Let me ask, have you ever thought about this; as the New Testament starts out with a temptation story, so does the Old Testament? Of course, we all know these two-temptation stories end significantly different. The OT story revolves around that first great “P” word on the false god list – pride. When we hear the serpent tell Eve, “You certainly will not die! God knows well that when you eat of it your eyes will be opened and you will be like gods.” And, out of pride, I think humanity still struggles, making God-like decisions today, don’t you? When theologians talk about the 7 deadly sins, they always place pride on the top of the list as the most dangerous. Why?
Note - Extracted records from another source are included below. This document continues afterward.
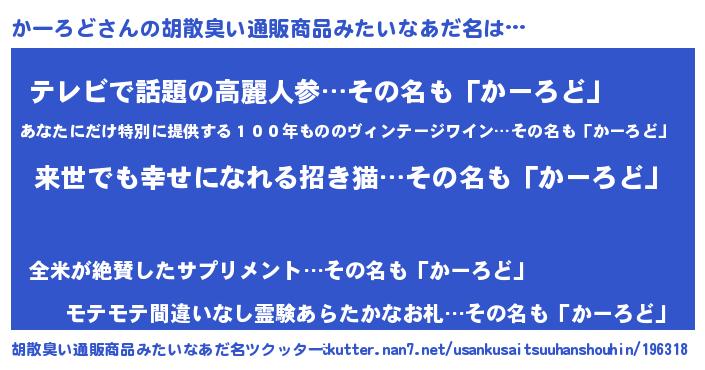 | ヘコむあだ名 | 『かーろど(笑)』『かーにー』 |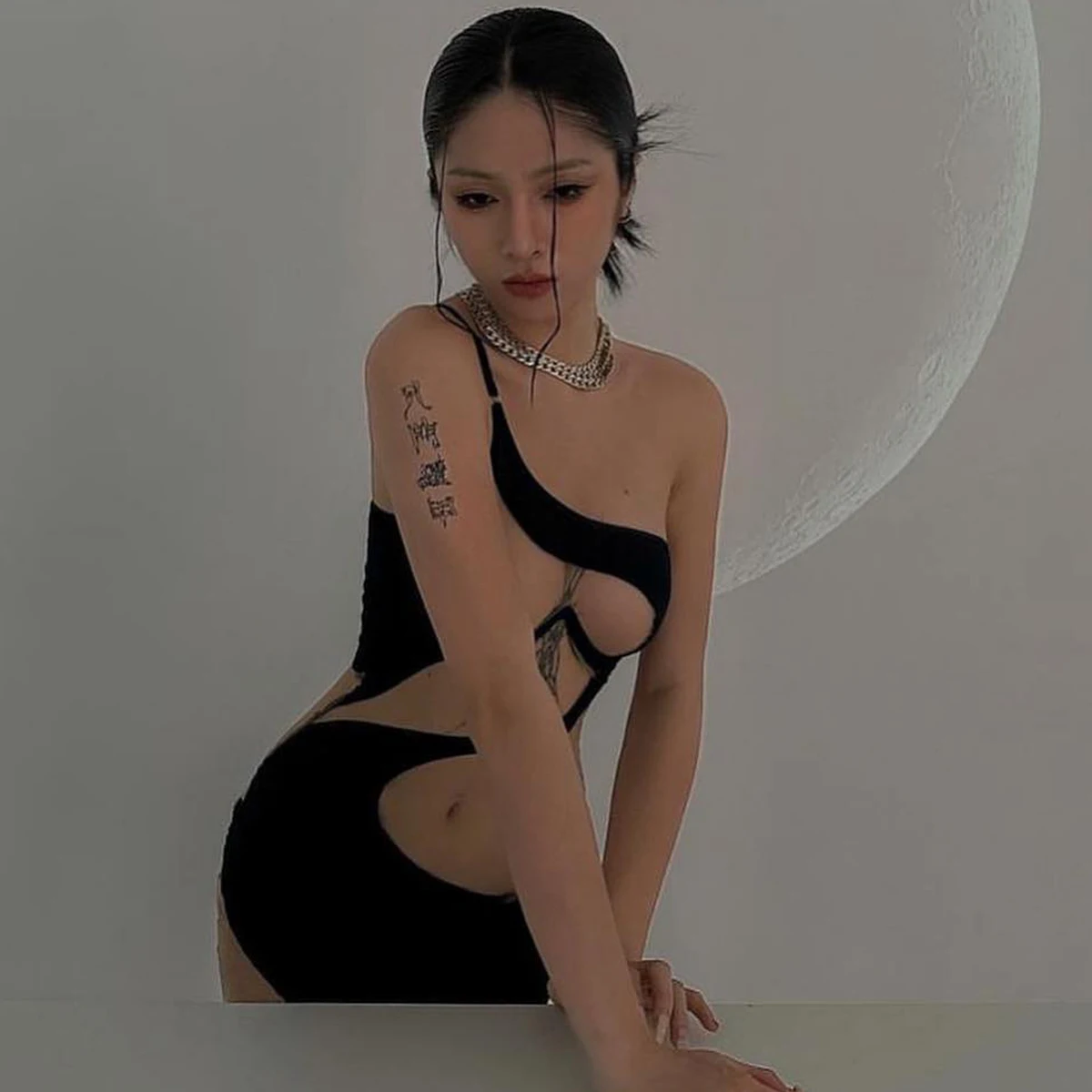 Ellolace Sexy Summer Dresses 2025 See Through Irregular Splicing Short Black Dress Single Shoulder Strap Sexy Outfits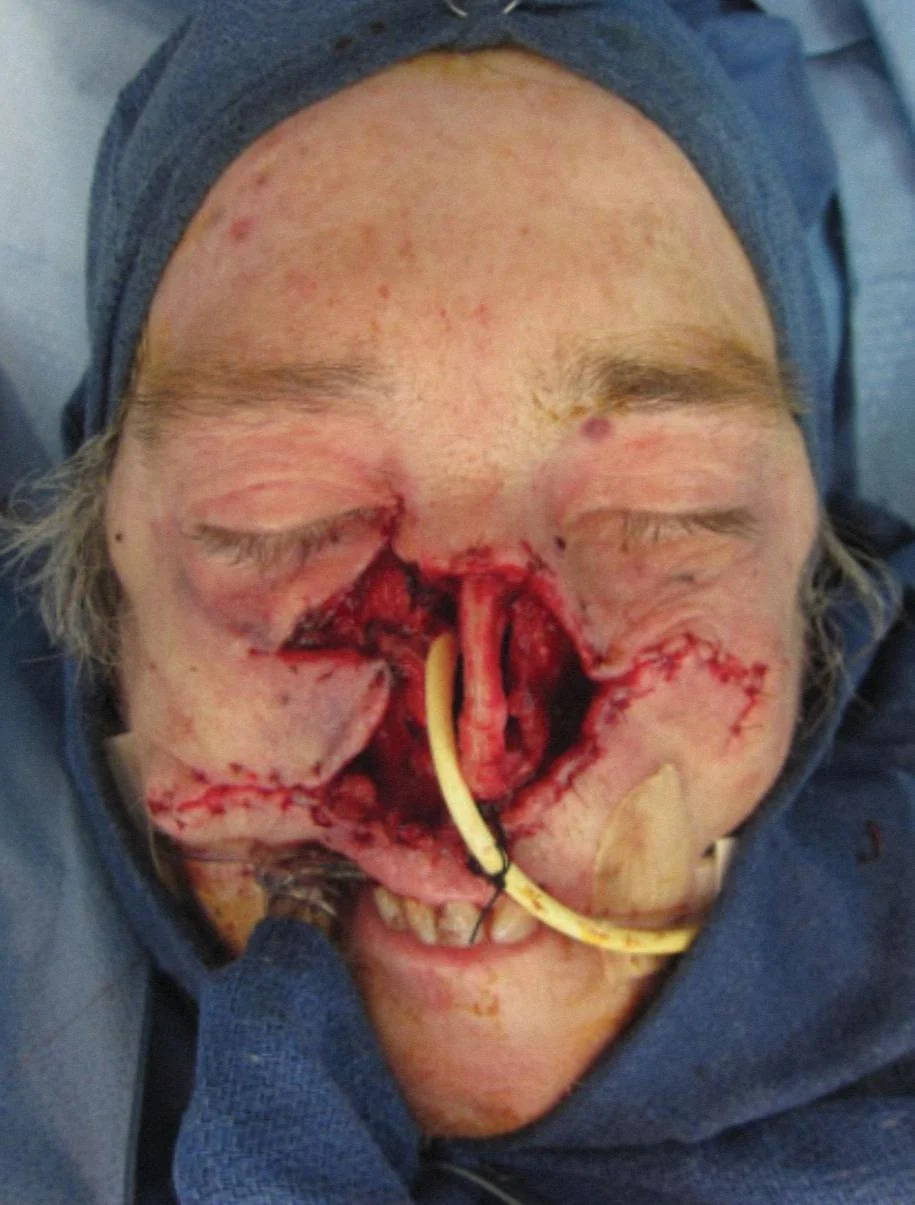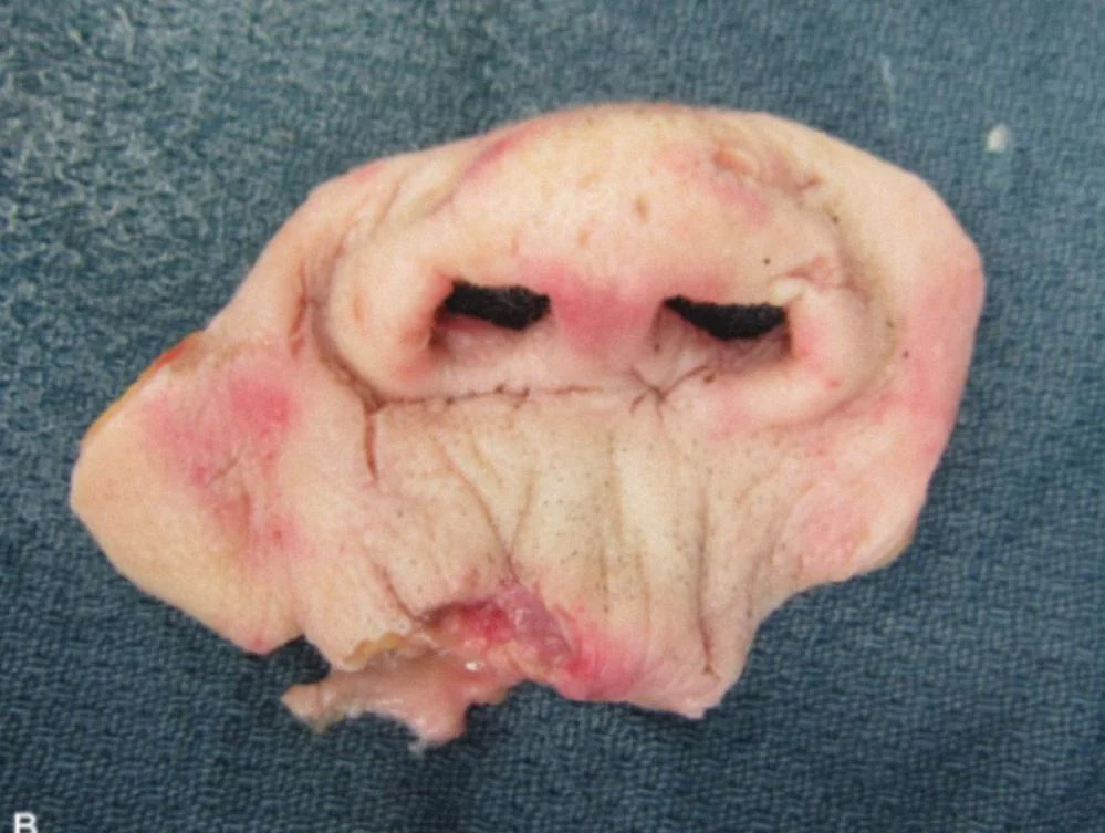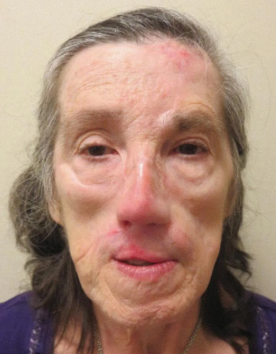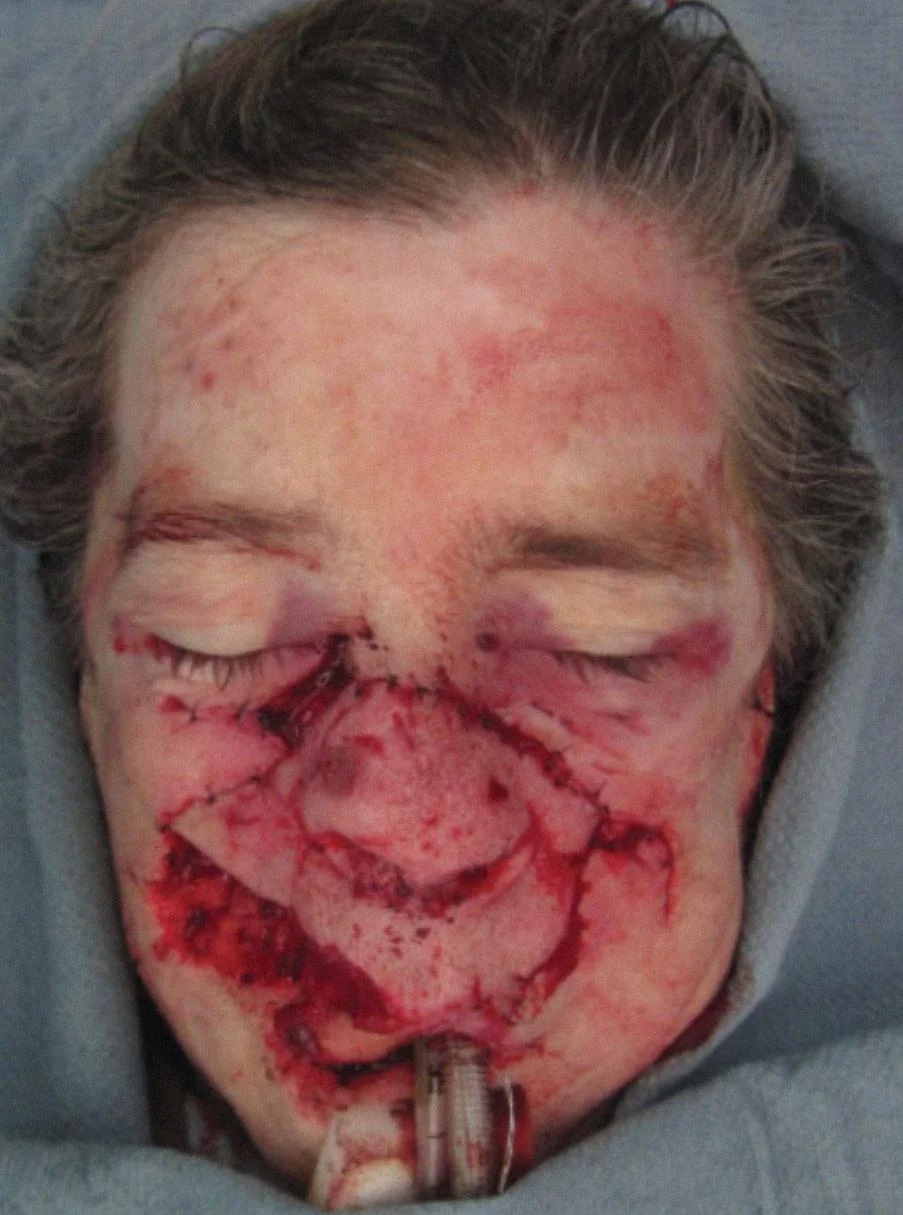 ピットブルに鼻を噛みちぎられてしまった女性のビフォーアフター画像。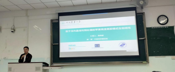 陈明睿以《基于深共晶溶剂预处理的苹果残渣果胶梯次生物精炼》为题,系统介绍了DES的柔性设计策略及其在梯次生物精炼苹果细胞壁果胶中的应用,明确了DES对果胶及细胞壁纤维素精细结构的影响规律,为构建绿色环保果胶萃取工艺提供新的思路。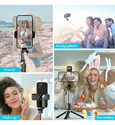 Rechargeable Fill Light with 6 Brightness Level ABS + Stainless Steel Material Anti-slip Handle Design Bluetooth Remote Control up to 32ft (10M) Combine Selfie Stick and Tripod Mode Multiple Compatibility with All Smartphone This Newest Selfie Stick Tripod Length is (70cm)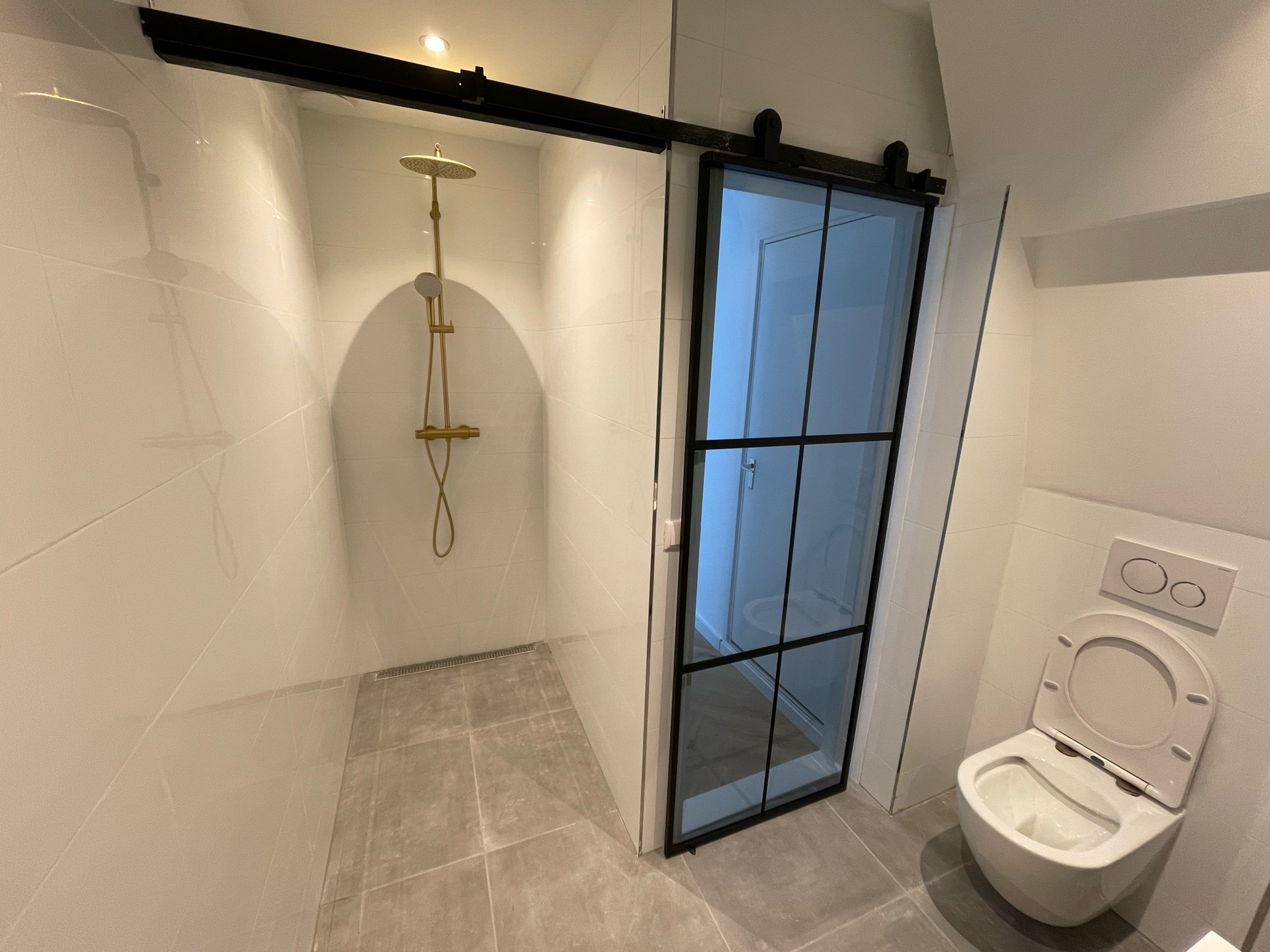 • Moderne badkamer voorzien van ruime inloopdouche, wastafel inclusief wastafelmeubel en toilet.

My sisters and brothers, pride is the sin that opens the door for us to rationalize almost anything. As modern Americans especially, pride is the sin that allows us to say, “it’s my right,” even when it’s spiritually, ethically, or morally wrong.
In Jesus’ temptation story, Satan offered him everything encompassing worldly pride, power, pleasure, and wealth, and his answer was what? Perhaps when we’re tempted to make a god-like decision ourselves, Jesus’ answer to Satan should be our own, “The Lord, your God, shall you worship and him alone shall you serve.” Now imagine yourself with Jesus and his Apostles sitting around the campfire as he tells this temptation story and he looks directly at you and asks, “how often do you serve personal pride, or place your own desire for power, pleasure, or wealth ahead of serving God? Out of pride, do you rationalize an ethical or moral decision that you know deep down in your own heart – is wrong. Do you listen to your God or to your ego.”
Now before I wrap up today, let me make one thing perfectly clear; pride, power, pleasure, and wealth are not, in themselves, inherently evil. They are some of the things that make us truly human and separate us from the animals. God doesn’t want us to go through life as miserable unhappy people. Really and truly, pleasure is OK. These very human characteristics only become evil when we, through our own free wills, allow them to become god-like. When we allow them to control our lives. When we put them ahead of the one true God and creator of the universe. As I hear this 2000-year-old temptation story about Jesus and Satan I’m reminded of a quote from C.S. Lewis, which it seems, is even more applicable today, “While Satan is out of style, he is not out of business.”
So, here’s your homework. As you go home today remember to ask yourself, “Is my Lenten practice helping me to grow spiritually.” If the answer is no, you might want to reevaluate. After all, we’re just starting our first full week. The late Father James Gilhooley gave some great advice for Lent. “Call someone who’s lonely and say, ‘I’ll come over.’ Go to confession. Smile more. Read the Bible. Forgive an enemy. Love someone who doesn’t deserve it. Be kinder than necessary. Exercise. Live one day at a time and make it a work of art. Finish Lent as a more interesting Christian.”